Matthew Sheppard is one of the thousands of victims who have suffered from the form of violence known as hate crimes.
Someone commits a hate crime every hour. In the most recent data collection, 1999, a reported 7, 876 hate crimes were committed. This is a national crisis that we cannot allow to continue.
Today we will discuss the problems associated with this horrendous crime, causes for it, and finally steps we can take to prevent it.
The current laws in effect regarding hate crimes are limited. Additionally, victims who experience a hate crime suffer much more traumatically than victims of other crimes do. Hate Crimes not only affect the individual, but their entire community as well.
According to religioustolerance.org, last updated November 2, 1999, "The current law does not protect three groups that are particularly vulnerable to physical attack: women, the disabled, and homosexuals."
In New Jersey, one man with a disability, Eric age 24, was bound to a chair while several people allegedly burned him with cigarettes, choked and beat him and abandoned him in a forest. He was forced to drink urine and was warned that if he told police about the incident, his parents' home would be burned down.
While it is extremely disturbing that these groups are not protected, even the groups who are, cannot escape the pain and suffering caused by these horrendous acts.
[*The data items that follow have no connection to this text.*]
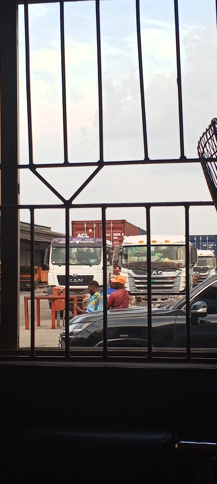 The image displays an outdoor scene in Akure, Nigeria, viewed through a dark, metal-barred window. The window frame, featuring a distinctive central inverted 'V' section, occupies the immediate foreground. In the mid-ground, two adult males are seated casually. The male on the left wears a light-colored, patterned shirt (blue, white, yellow) and is holding a small object. The male on the right wears an orange cap and a reddish-brown plaid shirt, looking left. They are positioned near a low, red-colored square table or platform. Behind them, several large trucks and shipping containers are visible in a depot or yard setting. A prominent white MAN truck, displaying "VANJET TRUCKS" and "ACL" branding on its cab, is positioned behind the seated individuals. To its right and slightly behind, a red shipping container marked "ACL KLU 288288 22G1" is observed. Additional white trucks and a blue shipping container are partially visible further right. A dark-colored sedan is parked in the lower mid-ground, its roof and upper body visible just above the bottom window bar. The sky above is overcast with light cloud cover.
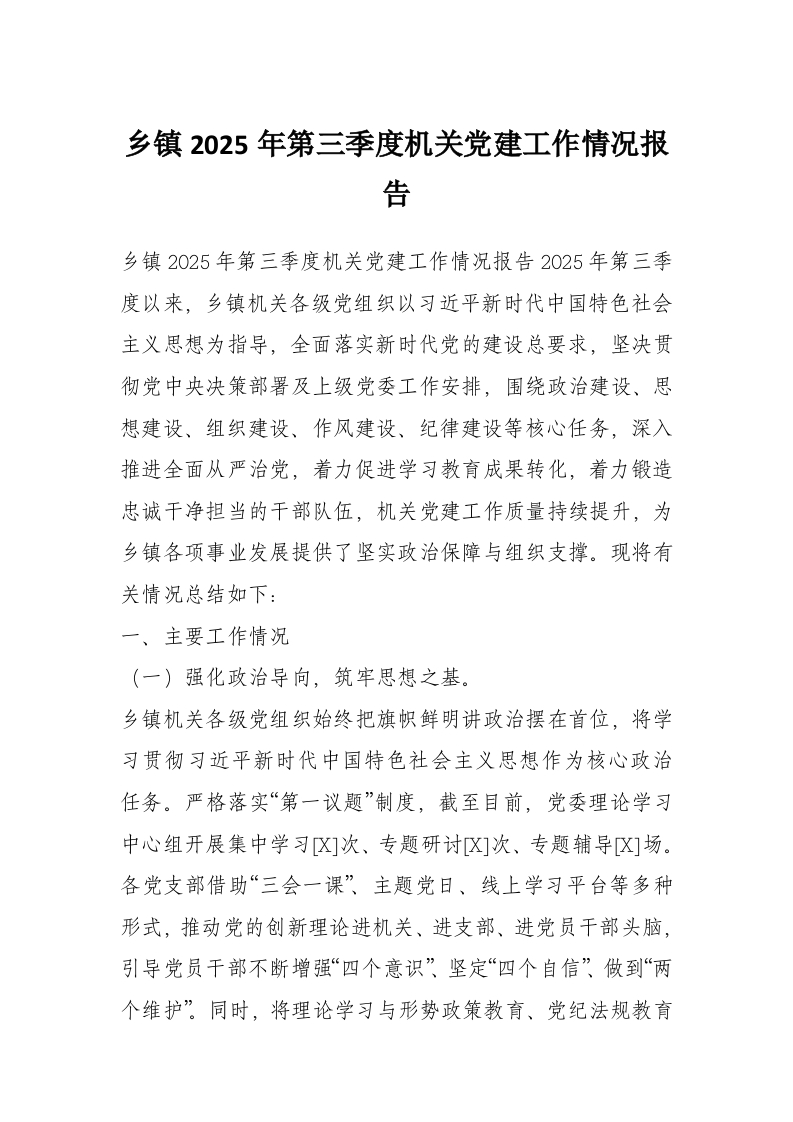 首页学习提升乡镇2025年第三季度机关党建工作情况报告
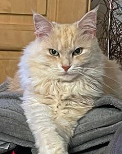 ROXXY ist 3 Jahre alt und ein BKH/Maine-Coon-Mix. Sie hat ein längeres creme farbenes Fell, Pinselohren und einen helleren Schnauzenbereich. ROXXY ist Freigängerin und kam bislang immer abends nach Hause. ROXXY ist neugierig aber nicht sehr zutraulich fremden Personen gegenüber.
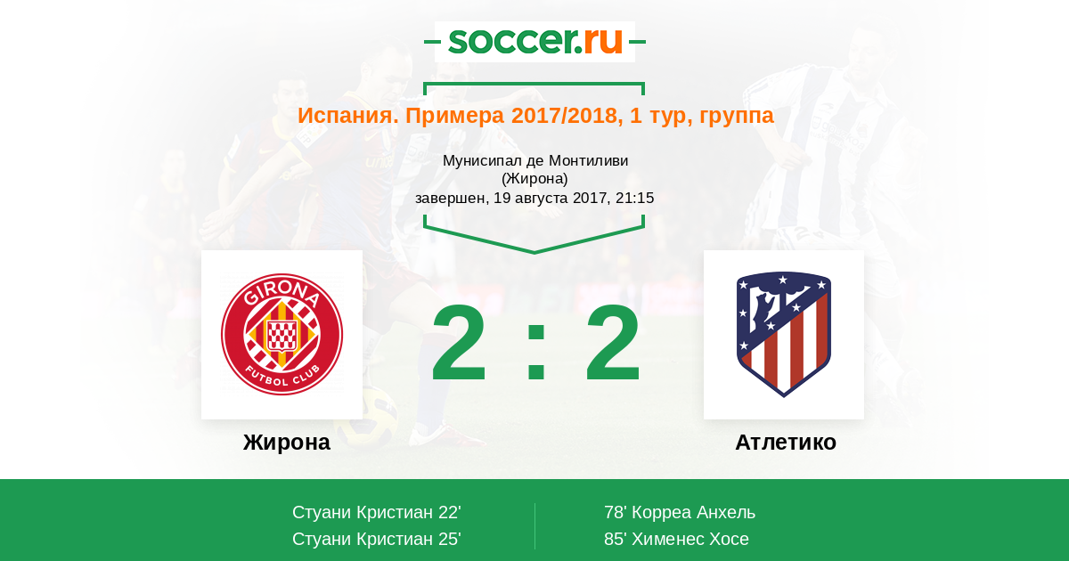 Как я и предпологал что жирона даст бой,плюс я не сомневался в том что атлетико недооценит никому неизвестную команду... Незнаю может в итоге атлетико и скатает ничью в итоге,но по мне было бы справедливым если жирона в итоге выграет матч...
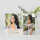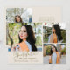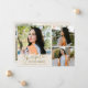 Modern och elegant examensbevis fotokort med 3 bilder på framsidan och 1 på baksidan. Texten står "tack för ditt stöd" i skrivstil. Lägg till examenstagarens namn, information och meddelande för att anpassa detta kort. Kräm.

In an excerpt from Hate Crimes Are a Serious Problem by Karen McGill Lawson and Wade Henderson found in the book Hate Groups: Opposing Viewpoints, the authors state, "Because the intention is to hurt, maim, or kill, hate-motivated crimes are five times as likely as other crimes to involve assault. And these assaults are twice as likely as other assaults to cause injury and to result in hospitalization." According to FightForYourRights.nitv.com, accessed June 10, 2001, the individual victim of a hate crime is more likely to be severely injured in body and in spirit than the victim of an ordinary offense.
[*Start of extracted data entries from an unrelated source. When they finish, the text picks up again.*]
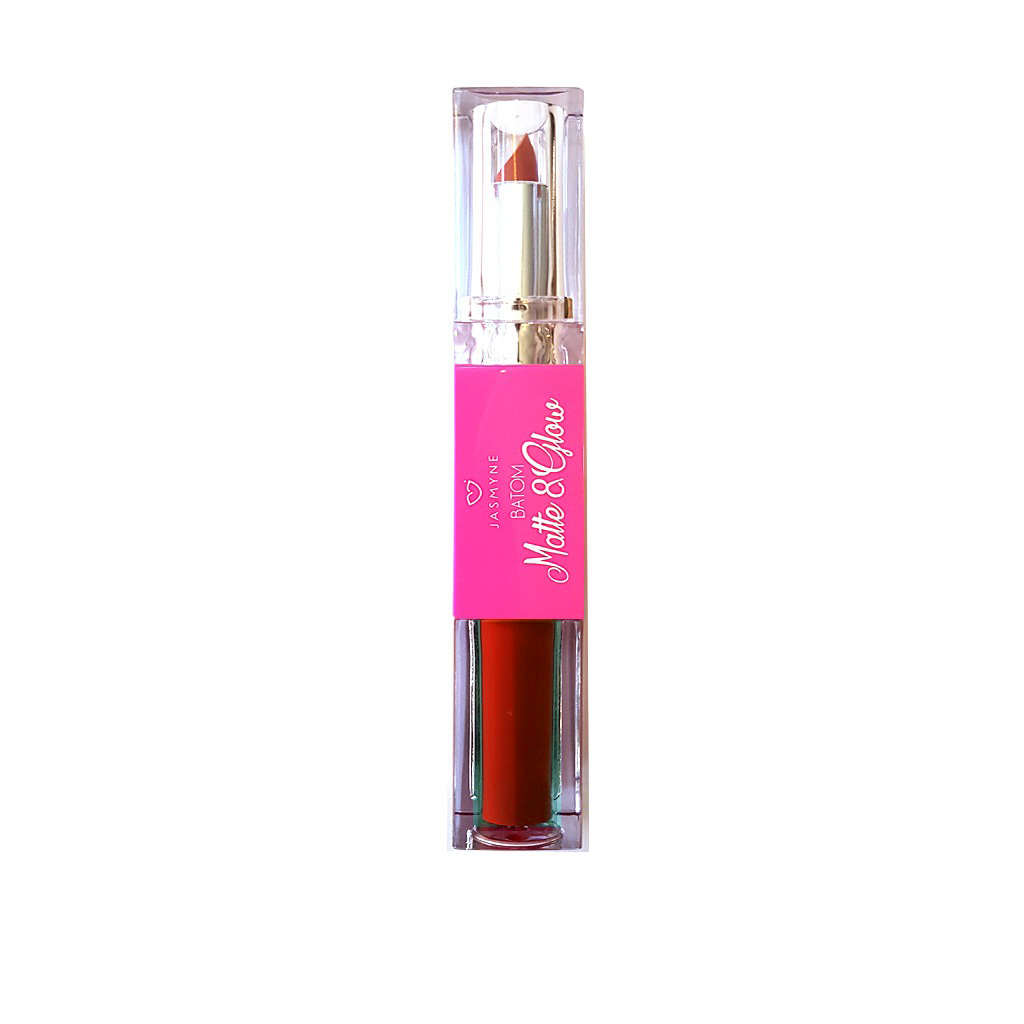 O Batom Duo Matte e Glow da Jasmyne possui em uma ponta o batom bastão Matte e na outra ponta o batom líquido Glow, embalagem com espelho.
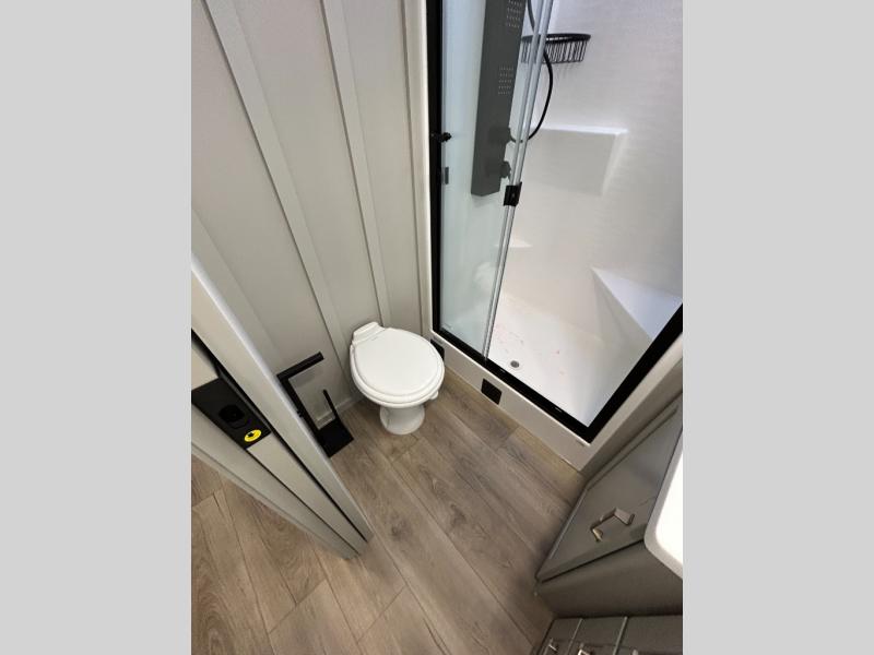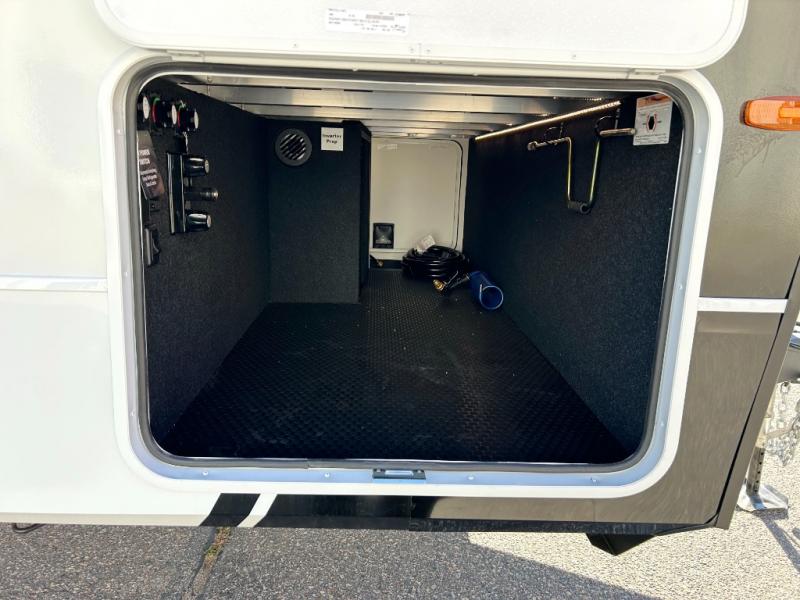 With any Model Z Air travel trailer by Brinkley, you will enjoy premium features at every turn. The industry-first low maintenance roof is sure to be appreciated, plus there are industry-first brass plumbing connections for excellent resistance to corrosion. The drop-frame chassis with a massive pass-through bay will allow you to bring along camp gear galore, plus there are motion lighting and power outlets for added convenience! You'll also find two hot/cold showers outdoors, along with a 370-watt solar panel and a premium utility center with a retractable 65' water hose to wash off mud from the lake. The interior is just as accommodating with its solid surface countertops, Brinkley CraftSense wood trim construction, integrated blackout window shades, and the list of luxury features goes on!
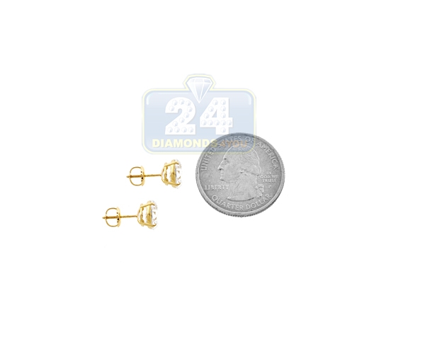 14K Yellow Gold 4.00 ct Round CZ Screw Stud Earrings 8 mm

On December 31, 1993 in Humboldt, NE, Brandon, 21, was allegedly raped and beaten by two men when they discovered he was a transgendered woman living as a man. One week later, fearing that they would be punished for the rape, they sought him out in a farmhouse where he was recovering from his injuries, shot him in the head, stabbed in the liver and murdered him.
It is one thing to be victimized for wearing expensive jewelry but it is quite another to be victimized simply for who you are. Along with the impact on the individual, hate crimes send a message that certain groups are not welcome and unsafe in a particular community.
In a June 5, 2000 article of The Nation, the Human Rights Campaign is quoted as saying, "Criminal activity based on prejudice terrorizes not only victims but the entire community of which they are a part.... Hate crimes effect more than just the individual attacked.... (they) rend the fabric of society and fragment communities."
After the Matthew Shepard murder in Laramie, WY, people in the town were awakened to the effects of how that hate crime effected the entire gay community. One resident was quoted as saying, "All kinds of people get killed everyday, but I'm not afraid to go down to the liquor store to buy a six- pack as some of these people were. That had a real impact on me.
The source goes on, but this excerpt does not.